Data segment →
---*---
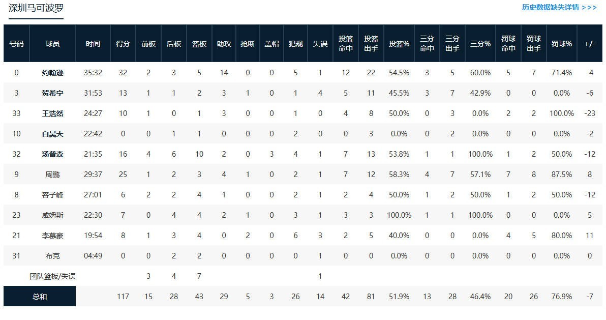 深圳马可波罗马凯尔-约翰逊30分5板12助,周鹏25分2板3助,特雷沃-汤普森16分9板2助3帽。
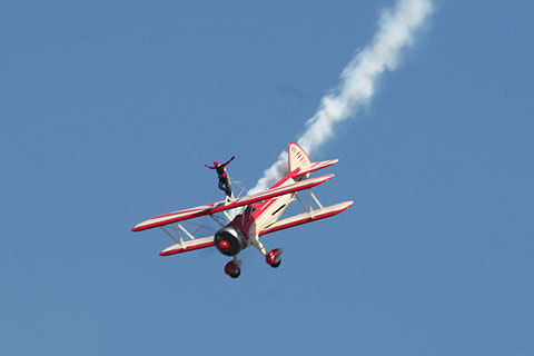 Bei bestem Fliegerwetter konnten am Samstag und Sonntag die Besucher des Fliegerfestes in Bonn-Hangelar ein fliegerisches Ereignis der Sonderklasse genießen. Aus Anlass des 100-jährigen Bestehens des Flugplatzes lud die Fliegergemeinschaft Nachbarn und Luftfahrt-Interressierte aus der Region auf den Flugplatz ein. Und das Programm hatte es in sich! Als Spektakel ersten Ranges natürlich Peggy Krainz als "Wingwalkering", eine in Europa wohl einzigartige Vorführung.
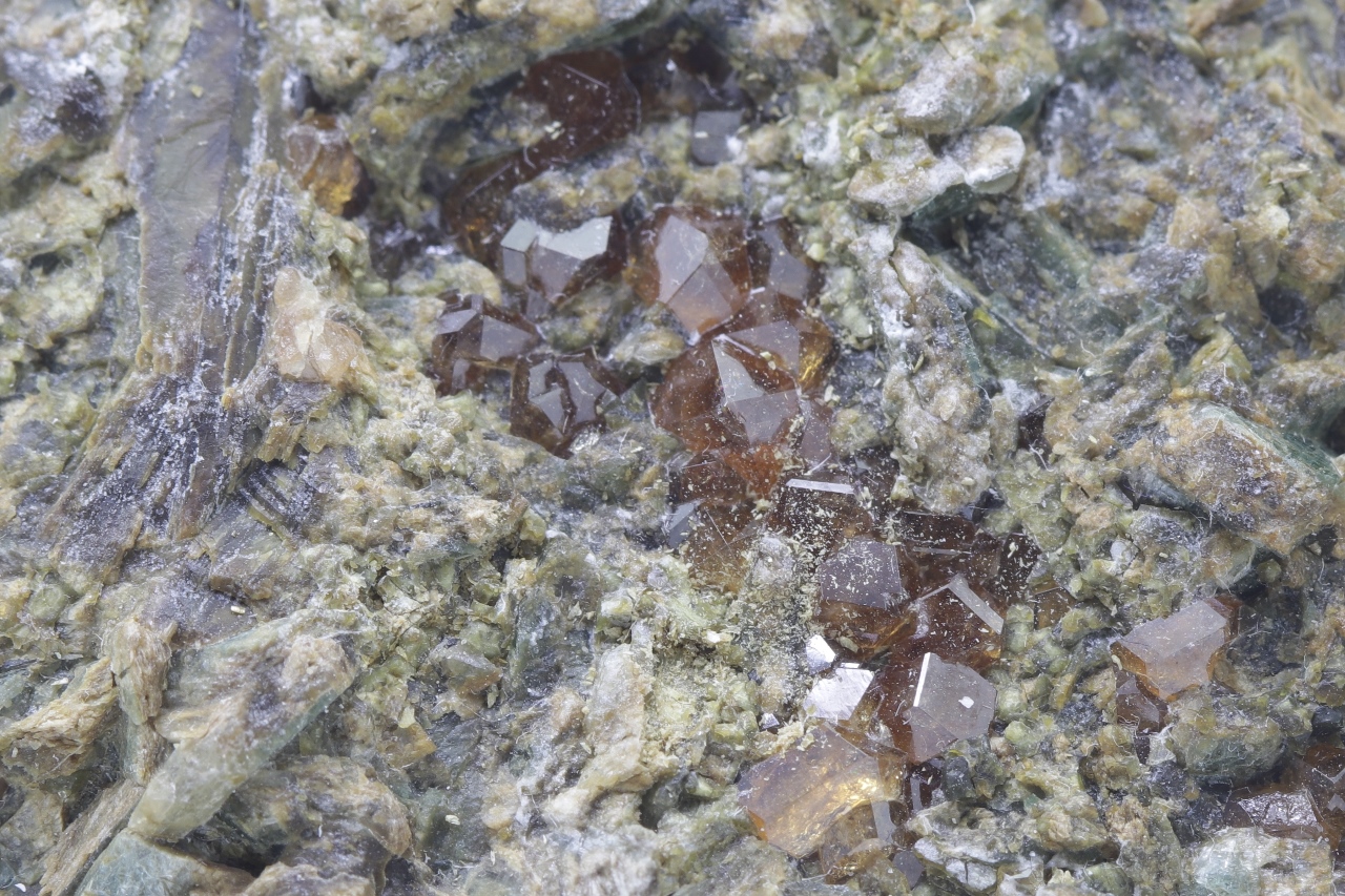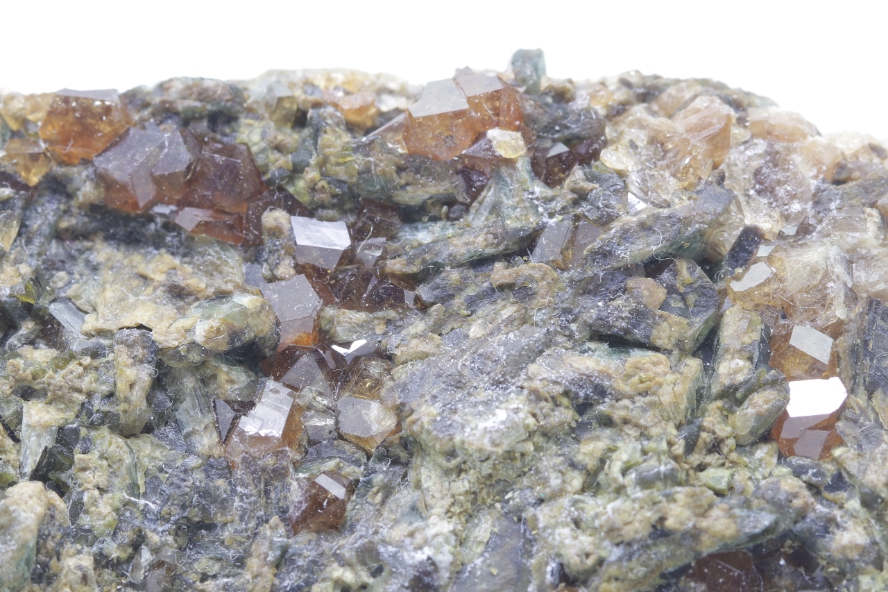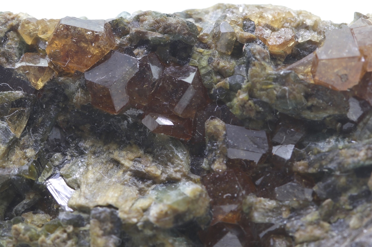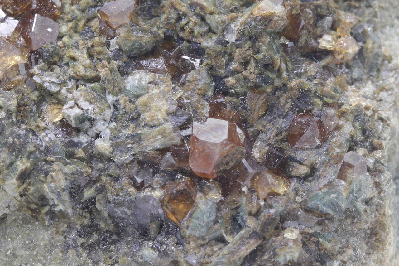 Glänzende Kristalle des dunkel orangefarbenen Grossulars von Edelsteinqualität bis zu 5 mm Größe.
---*---
Your task → Would you retype every line shown above exactly, leaving the pictures aside?

Answer to the problem →
 深圳马可波罗马凯尔-约翰逊30分5板12助,周鹏25分2板3助,特雷沃-汤普森16分9板2助3帽。
 Bei bestem Fliegerwetter konnten am Samstag und Sonntag die Besucher des Fliegerfestes in Bonn-Hangelar ein fliegerisches Ereignis der Sonderklasse genießen. Aus Anlass des 100-jährigen Bestehens des Flugplatzes lud die Fliegergemeinschaft Nachbarn und Luftfahrt-Interressierte aus der Region auf den Flugplatz ein. Und das Programm hatte es in sich! Als Spektakel ersten Ranges natürlich Peggy Krainz als "Wingwalkering", eine in Europa wohl einzigartige Vorführung.
 Glänzende Kristalle des dunkel orangefarbenen Grossulars von Edelsteinqualität bis zu 5 mm Größe.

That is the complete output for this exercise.